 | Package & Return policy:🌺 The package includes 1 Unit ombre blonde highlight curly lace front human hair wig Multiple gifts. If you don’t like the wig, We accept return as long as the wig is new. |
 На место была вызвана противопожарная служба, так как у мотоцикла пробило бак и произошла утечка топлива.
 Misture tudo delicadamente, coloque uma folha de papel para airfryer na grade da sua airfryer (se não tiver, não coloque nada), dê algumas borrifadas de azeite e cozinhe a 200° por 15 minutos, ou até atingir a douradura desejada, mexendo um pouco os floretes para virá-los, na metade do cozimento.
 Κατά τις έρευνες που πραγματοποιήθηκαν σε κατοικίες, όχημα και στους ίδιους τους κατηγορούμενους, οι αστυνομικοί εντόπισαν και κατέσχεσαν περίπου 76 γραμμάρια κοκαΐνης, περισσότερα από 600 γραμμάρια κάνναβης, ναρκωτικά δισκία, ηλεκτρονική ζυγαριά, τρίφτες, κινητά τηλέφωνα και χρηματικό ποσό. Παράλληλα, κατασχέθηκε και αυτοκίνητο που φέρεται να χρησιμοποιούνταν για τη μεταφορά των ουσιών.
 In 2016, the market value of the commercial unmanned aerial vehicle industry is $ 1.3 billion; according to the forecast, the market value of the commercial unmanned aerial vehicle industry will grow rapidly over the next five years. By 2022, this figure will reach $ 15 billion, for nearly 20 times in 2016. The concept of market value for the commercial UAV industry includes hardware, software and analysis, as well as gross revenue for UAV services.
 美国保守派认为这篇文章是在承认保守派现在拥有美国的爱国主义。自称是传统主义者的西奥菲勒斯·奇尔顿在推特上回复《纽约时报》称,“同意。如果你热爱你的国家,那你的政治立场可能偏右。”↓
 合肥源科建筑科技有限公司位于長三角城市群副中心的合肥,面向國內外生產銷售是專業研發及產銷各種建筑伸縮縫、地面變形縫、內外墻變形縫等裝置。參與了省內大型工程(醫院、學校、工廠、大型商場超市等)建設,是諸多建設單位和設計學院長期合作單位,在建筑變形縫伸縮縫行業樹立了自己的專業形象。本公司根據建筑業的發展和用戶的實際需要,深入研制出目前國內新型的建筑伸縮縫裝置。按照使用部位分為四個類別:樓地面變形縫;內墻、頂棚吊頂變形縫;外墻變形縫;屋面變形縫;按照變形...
...
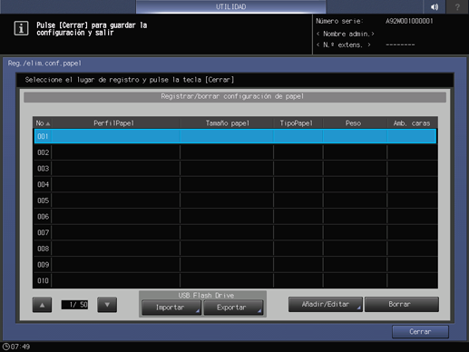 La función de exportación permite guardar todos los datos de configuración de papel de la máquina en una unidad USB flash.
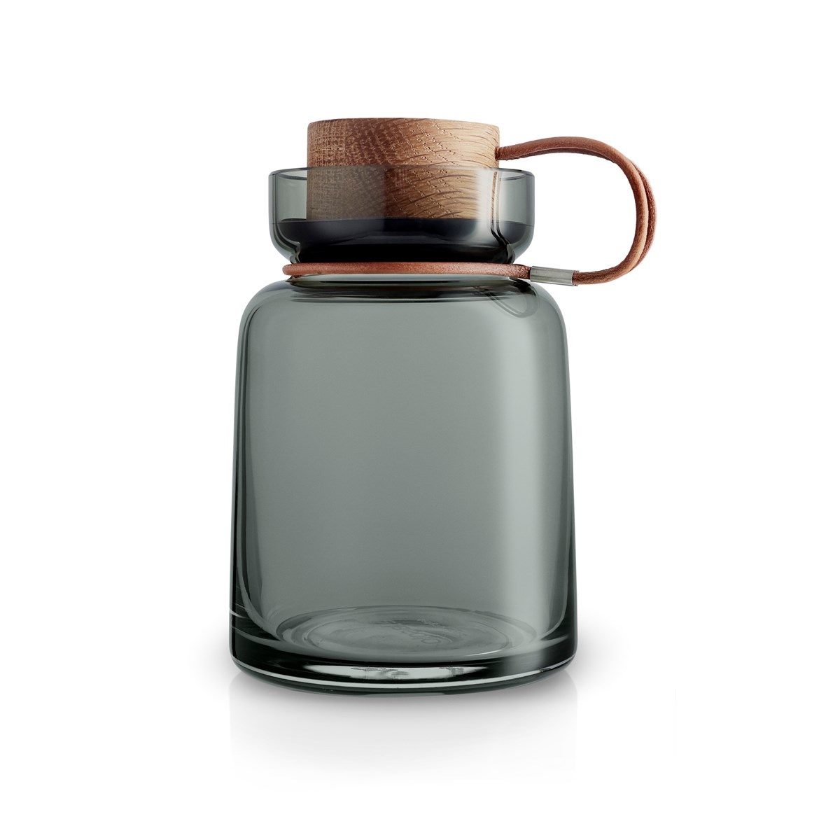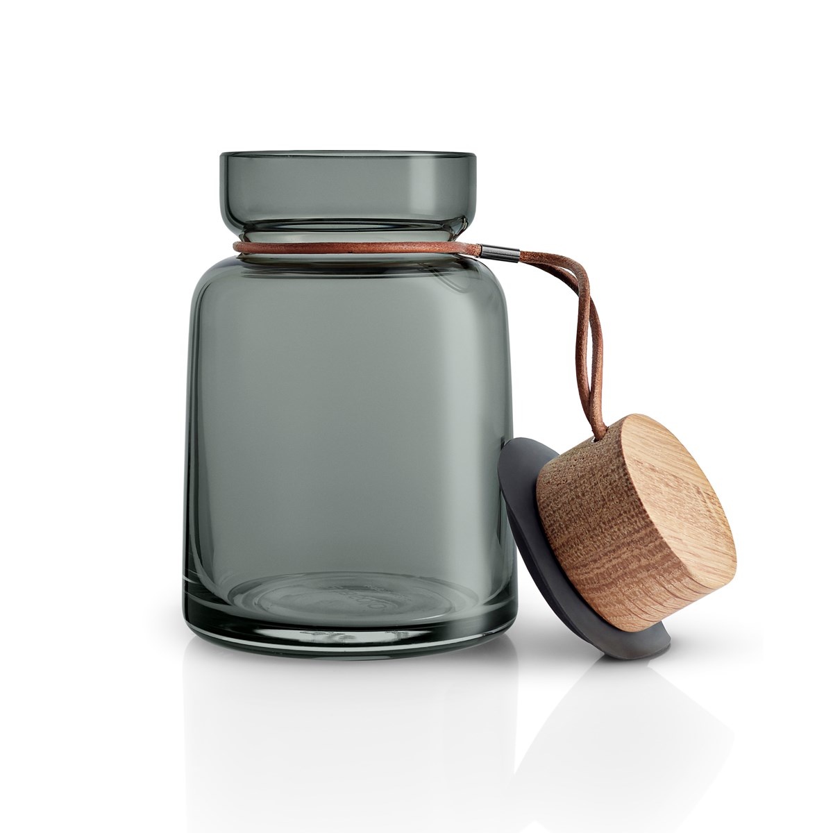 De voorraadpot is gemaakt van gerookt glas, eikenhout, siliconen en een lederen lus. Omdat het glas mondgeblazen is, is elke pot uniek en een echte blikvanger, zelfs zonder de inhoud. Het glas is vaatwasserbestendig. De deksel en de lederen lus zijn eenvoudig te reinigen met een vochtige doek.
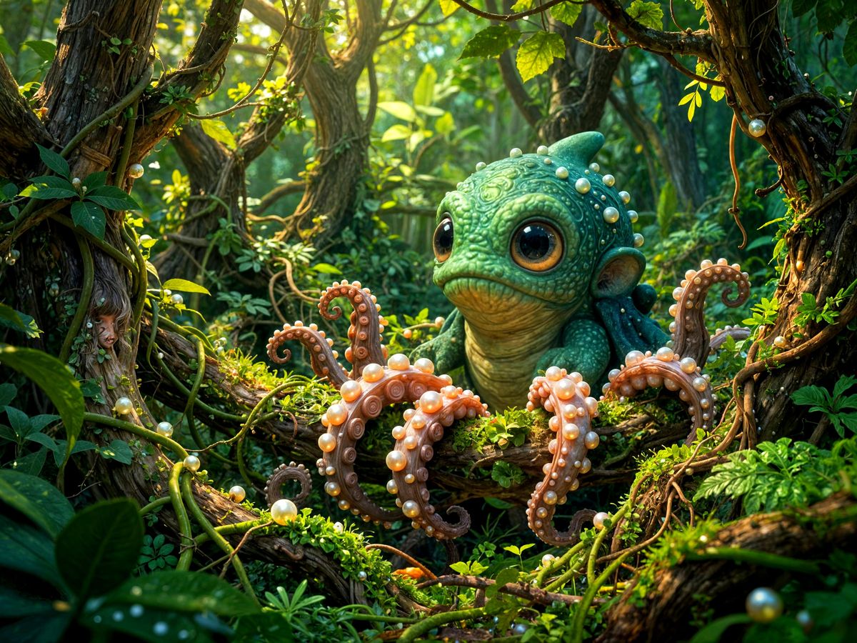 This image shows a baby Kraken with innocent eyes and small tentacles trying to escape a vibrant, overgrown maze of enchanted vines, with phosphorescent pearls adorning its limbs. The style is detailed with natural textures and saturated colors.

§ **Instructions for the task**: Of the entries above, transcribe exactly those lines that fall between the line containing "In 2016, the" and the line containing "合肥源科建筑科技有限公司位于", together with those two lines.

§ **Finished task**:
 In 2016, the market value of the commercial unmanned aerial vehicle industry is $ 1.3 billion; according to the forecast, the market value of the commercial unmanned aerial vehicle industry will grow rapidly over the next five years. By 2022, this figure will reach $ 15 billion, for nearly 20 times in 2016. The concept of market value for the commercial UAV industry includes hardware, software and analysis, as well as gross revenue for UAV services.
 美国保守派认为这篇文章是在承认保守派现在拥有美国的爱国主义。自称是传统主义者的西奥菲勒斯·奇尔顿在推特上回复《纽约时报》称,“同意。如果你热爱你的国家,那你的政治立场可能偏右。”↓
 合肥源科建筑科技有限公司位于長三角城市群副中心的合肥,面向國內外生產銷售是專業研發及產銷各種建筑伸縮縫、地面變形縫、內外墻變形縫等裝置。參與了省內大型工程(醫院、學校、工廠、大型商場超市等)建設,是諸多建設單位和設計學院長期合作單位,在建筑變形縫伸縮縫行業樹立了自己的專業形象。本公司根據建筑業的發展和用戶的實際需要,深入研制出目前國內新型的建筑伸縮縫裝置。按照使用部位分為四個類別:樓地面變形縫;內墻、頂棚吊頂變形縫;外墻變形縫;屋面變形縫;按照變形...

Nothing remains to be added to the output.